Where to listen? There is a vast range of music venues in Paris—indoor, outdoor, concert hall, theater and opera house, as well as casual seating in restaurants hosting live performances. Among the impressive auditoriums in Paris are the Phillharmonie de Paris (which can seat 2,400 people), the Louvre and the Salle Gaveau. Theatres and opera houses, such as the Théâtre du Châtelet, the Théâtre des Champs-Elysées, the Palais Garnier, and the Opéra Bastille are incredibly beautiful venues. Churches are also on the list of impressive venues, such as the Église Saint-Ephrem and the Église de la Madeleine.

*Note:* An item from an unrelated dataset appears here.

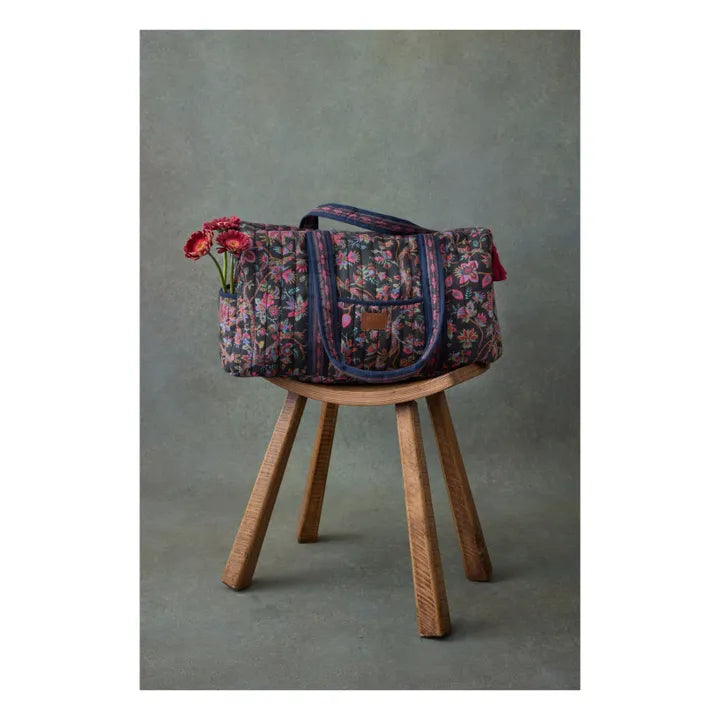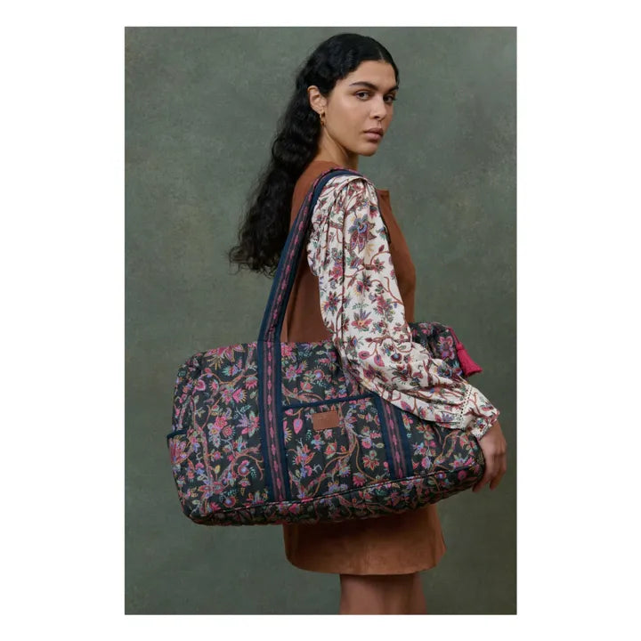- Quilted cotton voile travel bag. Floral print and frieze detail. 3 outside pockets. 2 inside pockets. Embossed leather patch. Wide handles. Zipper opening. Two colorful handmade pompoms. Striped water-repellent lining. Designed in Paris by Marie Pidancet and her team.

Major Festivals The Classique au Verifestival in the Parc Floral, outside the Bois de Vincennes, has been going for decades. Every weekend in August and September hosts a major classical music festival. Thirty-four years going is the Festival Chopin at the Orangerie du Parc de Bagatelle in the Bois de Boulogne. This venue also hosts the Solistes, a Bagatelle festival in the autumn of every year.

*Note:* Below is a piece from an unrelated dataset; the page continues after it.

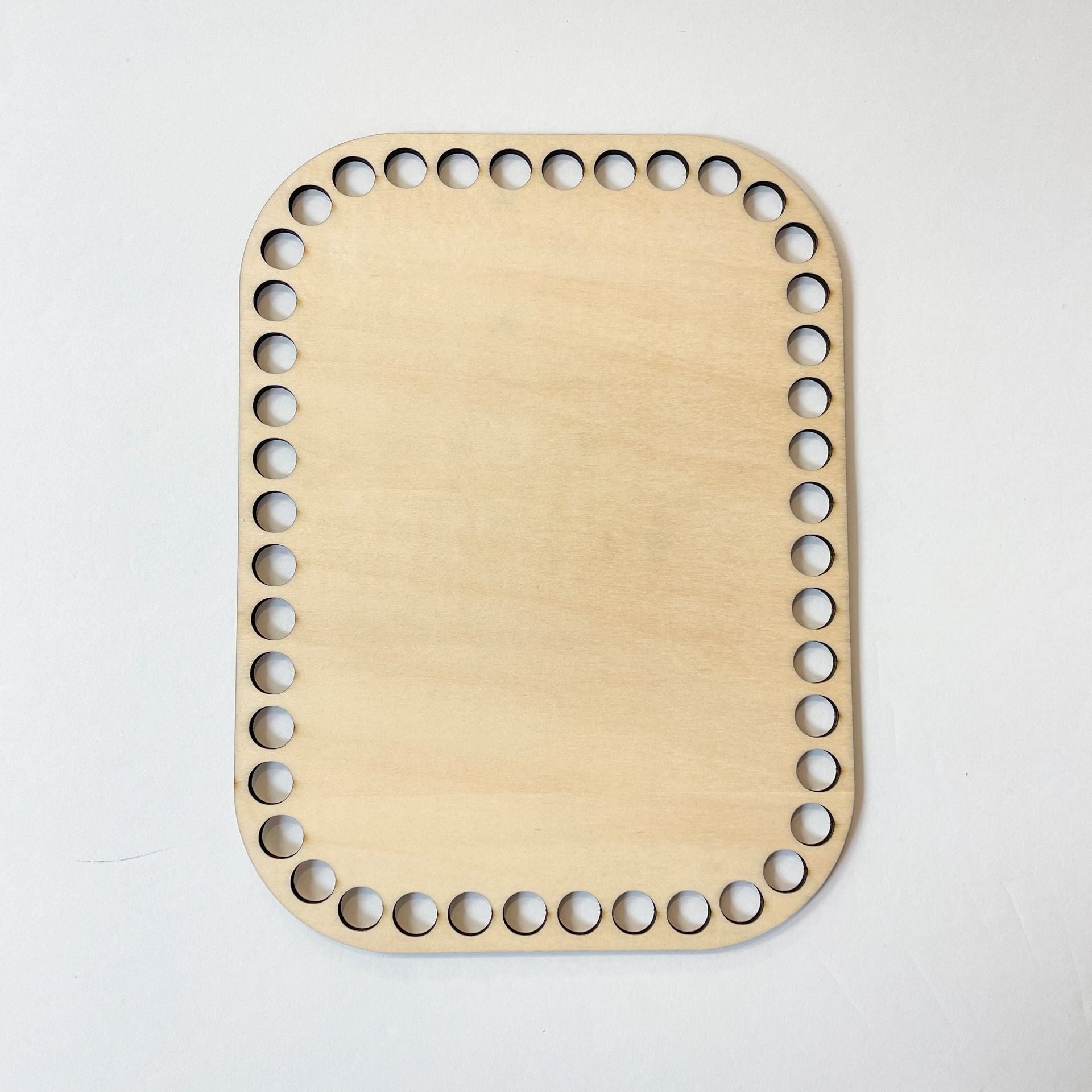 Rounded Rectangular Wooden Base-8x6 inches (10mm holes) Craft with ease using our handmade wooden crochet bases! This unique shape measures 8x 6 inches with perfectly sized 10mm holes, these bases are tailor-made for using Bobbiny’s braided cord. Crafted from high-quality wood, they offer durability and stability for your designs. Also, the bases can be stained or painted to your liking. Elevate your crochet game with these essential bases today! The bases are plain without a logo. If you’re interested in a custom base with your logo or name, please send me a message. elizabeth@mad4macrame.com

Jazz in New Orleans, New York City, and Chicago
New Orleans, Louisiana
Why New Orleans? New Orleans was a catalyst of music fusion. African folk music and the classical harmonies/technical abilities of European music were brought together to make something new that influences us even today. New Orleans introduced jazz to the world’s music scene. Some notables from this vast crowd of artists are Louis Armstrong, Dr. John, Allen Toussaint, Trombone Shorty, Big Freedia, and Hurray for the Riffraff.
Where to listen? Preservation Hall, the Mother-In-Law Lounge, the Rock-N-Bowl, the Maple Leaf, and Vaughn’s are barely a handful of the high-rated venues in New Orleans. Also high on the list are The Jazz Playhouse, the Maison Bourbon Jazz Club, a BB King’s Blues Club location, and The Spotted Cat, which features local musicians in a location that’s freer from the hustle and bustle of Bourbon Street. The National Parks Service also has a live jazz venue as part of a jazz museum in New Orleans.
New York City, New York
Where to listen? New York is the home of many jazz clubs that present many different types of live jazz. Jazz at the Lincoln Center is a phenomenal organization that supports all things jazz in community and educational efforts. The center’s orchestra (JLCO), is led by Wynton Marsalis himself.

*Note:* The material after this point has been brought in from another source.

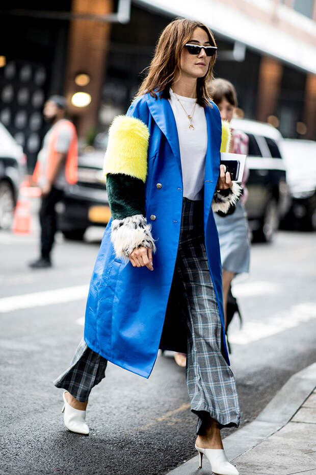 Во-первых, они не видят причин отказываться от ярких вещей — коротких розовых платьев, сарафанов с анималистичным паттерном, принтованных комбинезонов и костюмов, неоновых босоножек и прочего. Во-вторых, чем экспериментальнее комплекты, тем интереснее выглядит собственный гардероб: попробуйте добавить к простым джинсам длинные белые сапоги, а к однотонному платью — яркую шубу; надеть кроп-топ со строгим костюмом или принтованным комплектом из куртки и юбки, а разноцветное пальто — с клетчатыми брюками и футболкой с рисунком. Даже если вы не стремитесь попасть в хронику стритстайла, ощущение новизны и приподнятое настроение никто не отменяет.

The Blue Note Jazz Club has been around since the 1980s and has since spread all over the world, with locations in Rio, Tokyo Beijing, and Milan. The original NYC location has hosted Dizzy Gillespie, Sarah Vaughan, and Oscar Peterson. The Showman’s Jazz Club is a higher-end club that has hosted jazz music since 1942. On a long list of famous performers is Duke Ellington, and the atmosphere in this club is said to be timeless and unparalleled. Keep in mind, to spend time in this club there is a $14 minimum per person, per set. Bill’s Place is a snug, authentic speakeasy in Harlem, a tribute to the legendary Billie Holiday. The venue’s roots trace back to the Prohibition era, and the atmosphere mimics the period very well (according to reviews).
Who was here? Jazz came to NYC with Duke Ellington, and the city saw the work of Miles Davis, Charlie Parker, Dizzy Gillespie, Miles Davis, John Coltrane, and Billy Holiday, to name a few.
Who was here? Chicago saw the work of Louis Armstrong, Joseph “King” Oliver, Dizzy Gillespie, Thelonious Monk, and many more jazz artists.
Where to listen? Chicago is the home of many jazz clubs that present many different types of live jazz. The Green Mill Cocktail Lounge hosts artists playing traditional New Orleans jazz to New York’s avant-garde jazz. The atmosphere of this club mimics the 1940s, and the Uptown Poetry Slam has been performing on Sunday nights since 1986. Jazz Showcase has seen Lester Young, Thelonious Monk, and Dizzy Gillespie. Andy’s Jazz Club is a more modern take on the city’s traditional jazz clubs. Andy’s has centered on sax solos for five decades.
Apart from the city’s many clubs and restaurants, larger events also encourage the jazz community. The Chicago Jazz Festival consistently attracts over 100,000 people to Grant Park in the summer.
These are just a few of the classical and jazz music destinations around the world. There are so many to explore!